Exercise brief: Only the lines from the one with "Read moreA Russian" to the end of the data below should be given again, exactly, with both ends included and pictures omitted.

Material for the task:
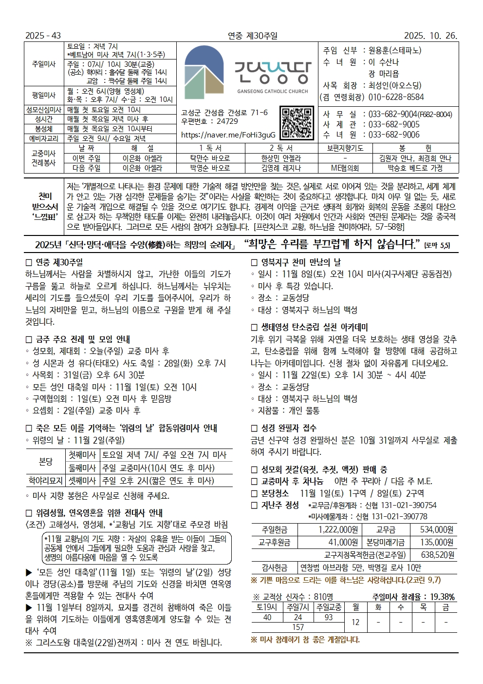 양구 - 2025년 10월 26일 연중 제30주일
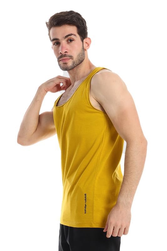 White Rabbit - تيشيرت لون أبيض بلين للرجال برقبة دائرية عريضة وبدون أكمام من وايت رابيت
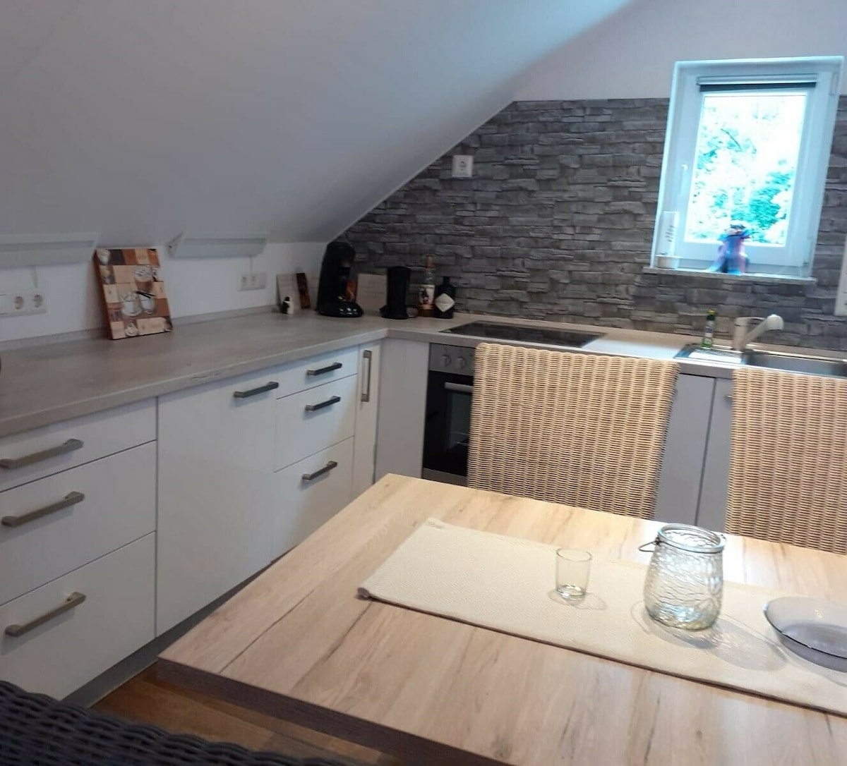 Apartamento de 82 m² con entrada independiente, cocina totalmente equipada, lavadora, secadora, TV, WiFi y mesa de billar. Un jacuzzi directamente en la terraza con barbacoa, solo para los huéspedes de vacaciones. Muy privado y sin ser visto. Ideal para turistas, familias con niños, trabajadores extranjeros, motociclistas y excursionistas. ¡El sendero de bicicleta de montaña comienza justo en la puerta de entrada! Se admiten perros de tamaño mediano Situado en una zona muy tranquila en el bosque del Palatinado. Comercios y parada de autobús a poca distancia a pie.
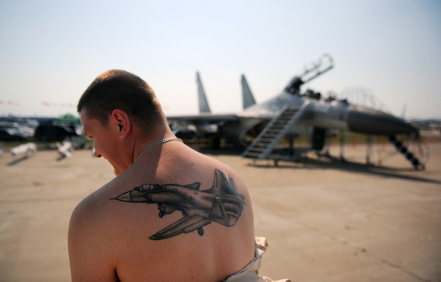 Read moreA Russian specialist shows his tattoo in front of an Su-30 during MAKS-2011, the International Aviation and Space Show, in Zhukovsky, outside Moscow, on August 16, 2011. #
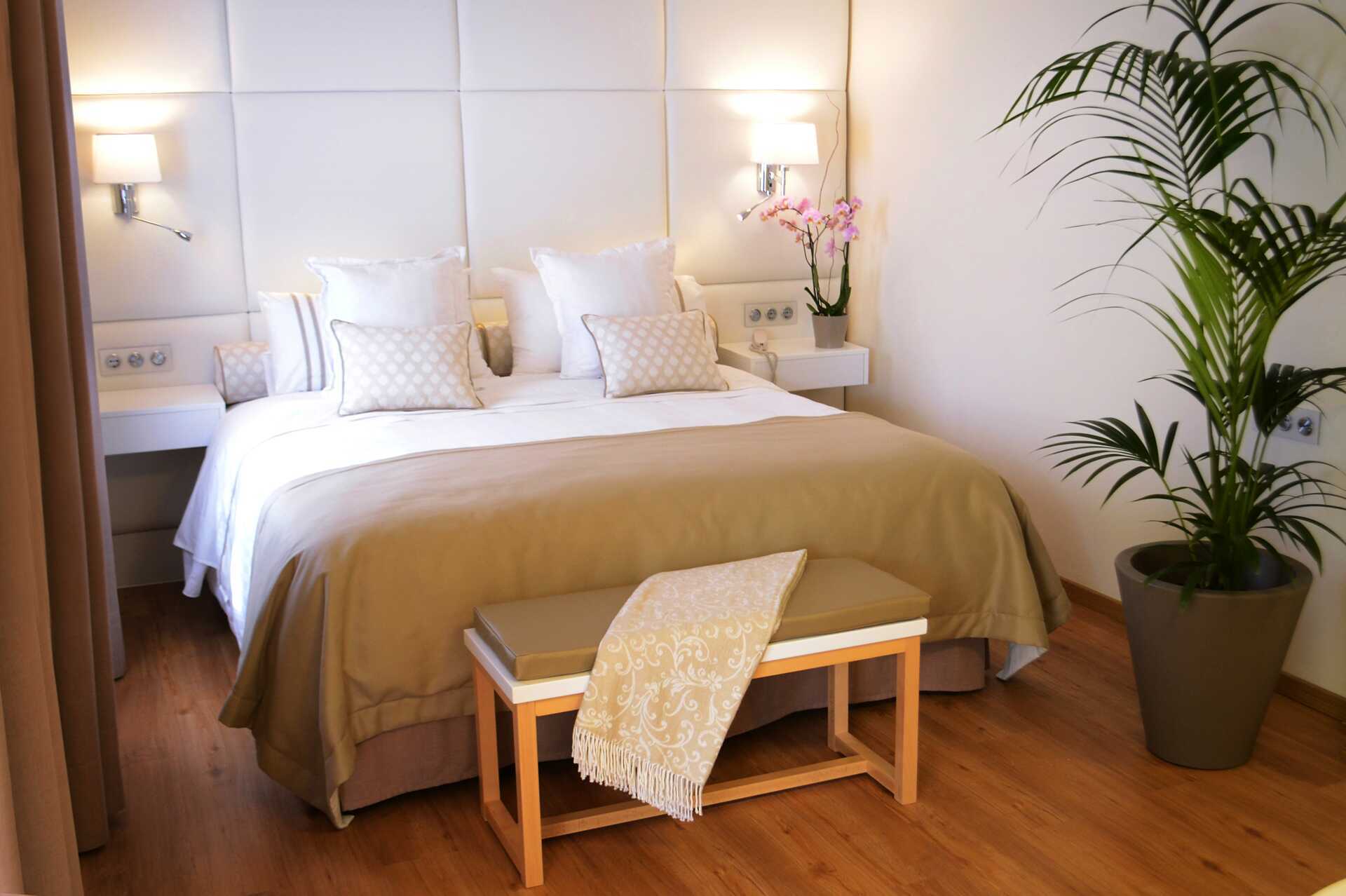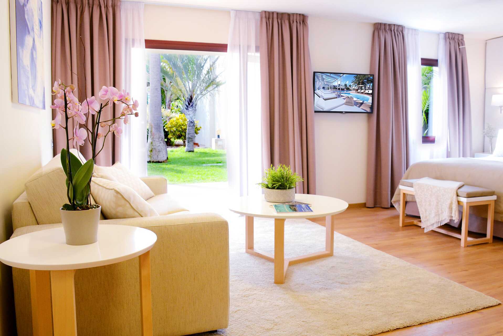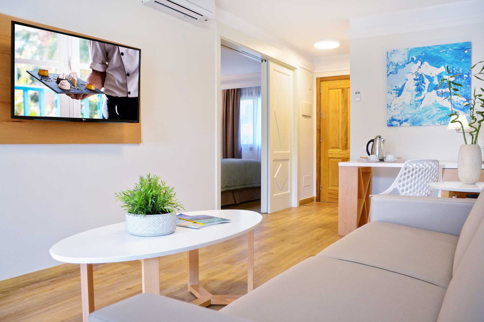 Juniorsvit med balkong eller terrass, vissa med poolutsikt. Två enkelsängar eller en dubbelsäng. Möjlighet till extrabädd i bäddsoffa. Wifi, luftkonditionering och deponering ingår. Kylskåp. Vattenkokare samt kaffe och te. Tv med internationella kanaler. USB-port för laddning av elektronisk utrustning. Hårtork. Badrum med badkar eller dusch samt wc. Städning 7 ggr/vecka.

Solved problem:
 Read moreA Russian specialist shows his tattoo in front of an Su-30 during MAKS-2011, the International Aviation and Space Show, in Zhukovsky, outside Moscow, on August 16, 2011. #
 Juniorsvit med balkong eller terrass, vissa med poolutsikt. Två enkelsängar eller en dubbelsäng. Möjlighet till extrabädd i bäddsoffa. Wifi, luftkonditionering och deponering ingår. Kylskåp. Vattenkokare samt kaffe och te. Tv med internationella kanaler. USB-port för laddning av elektronisk utrustning. Hårtork. Badrum med badkar eller dusch samt wc. Städning 7 ggr/vecka.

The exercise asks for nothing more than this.